Superfund Sites & Military Installations: Conflicts of Interest Allow Water Poisoning by Perchlorate

Conflicts of Interest Allow Water Poisoning by Perchlorate

In early 2005, the National Resources Defense Council announced it had documents showing that there was an ongoing, willful attempt by certain government agencies to undermine efforts to address perchlorate pollution.

So EPA chief Lisa Jackson recently announced a plan to start regulating perchlorate. Which is nice.

But why isn’t it regulated already? To answer that, we have to look at where perchlorate comes from. What do Bourne, Rialto and Barstow have in common?

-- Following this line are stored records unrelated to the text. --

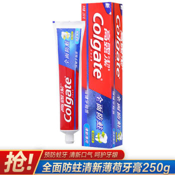 高露洁(Colgate) 全面防蛀清新薄荷牙膏 250g 清新口气 强健牙釉质(新老包装随机发) |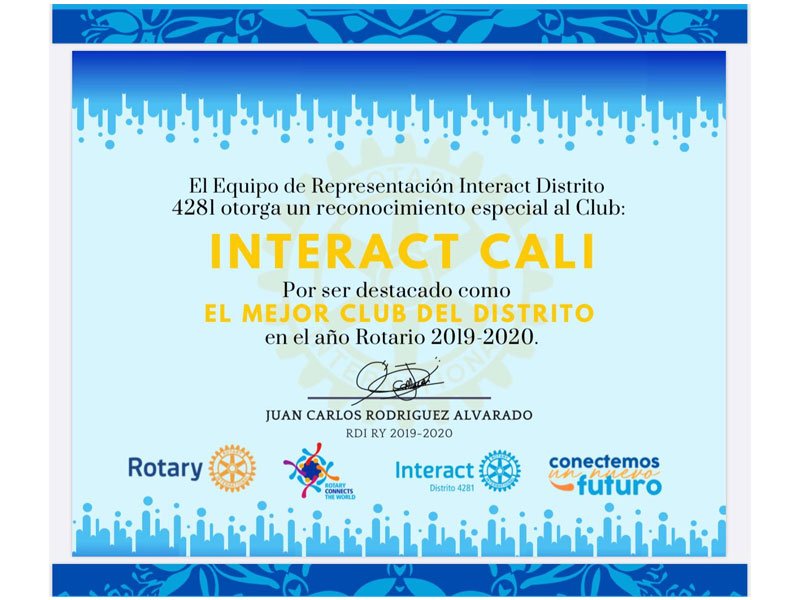 Nuestro club interact Cali fue nombrado como Mejor club del distrito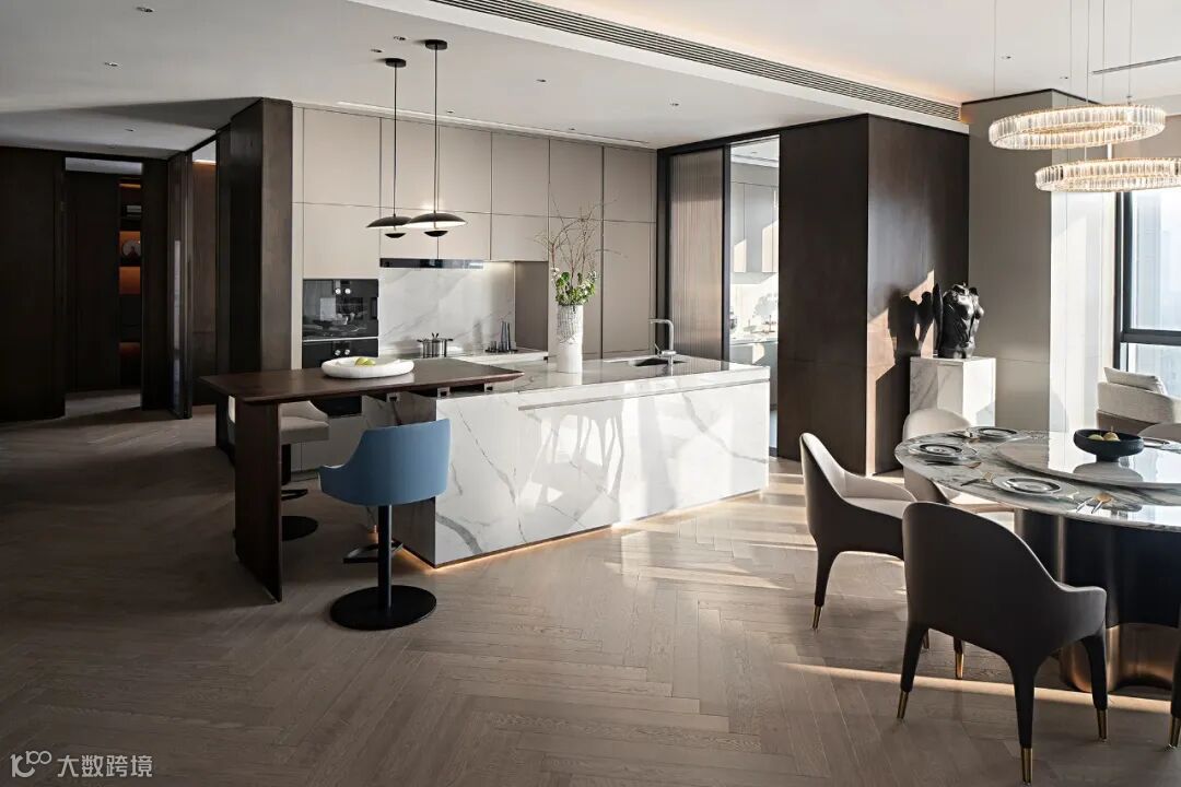 "软隔断"则不会影响空间的大小,只需要通过空间高低的不同、灯光不同、家具不同或者使用的材料不同来进行分区即可。

Bourne partially sits on the Massachusetts Military Installation, an EPA Superfund site that has housed aircraft operations since the 1930s and has seen all manner of chemical and fuel spills. It has also been used as an old-munitions explosion site, the Cape Cod Times reported. Rialto is home to a 160-acre area first used during World War II to store ordnance-hauling rail cars, and over the years has been used by defense contractors and fireworks manufacturers. And the Barstow contamination was first discovered by the Marine Corps at its area Logistics Base.

The Feds say 90% of perchlorate is used in a defense/aerospace capacity and is most frequently found at Air Force, Army and Navy installations. In short, the massive cost of any cleanup that would result from federal regulation of perchlorate would fall largely on the Department of Defense and its contractors.
Two members of that NAS panel, Dr. Richard Bull and Dr. Charles Capen, were shown to have conflicts of interest, both previously having done work for defense contractor behemoth Lockheed Martin, according to California Sen. Barbara Boxer.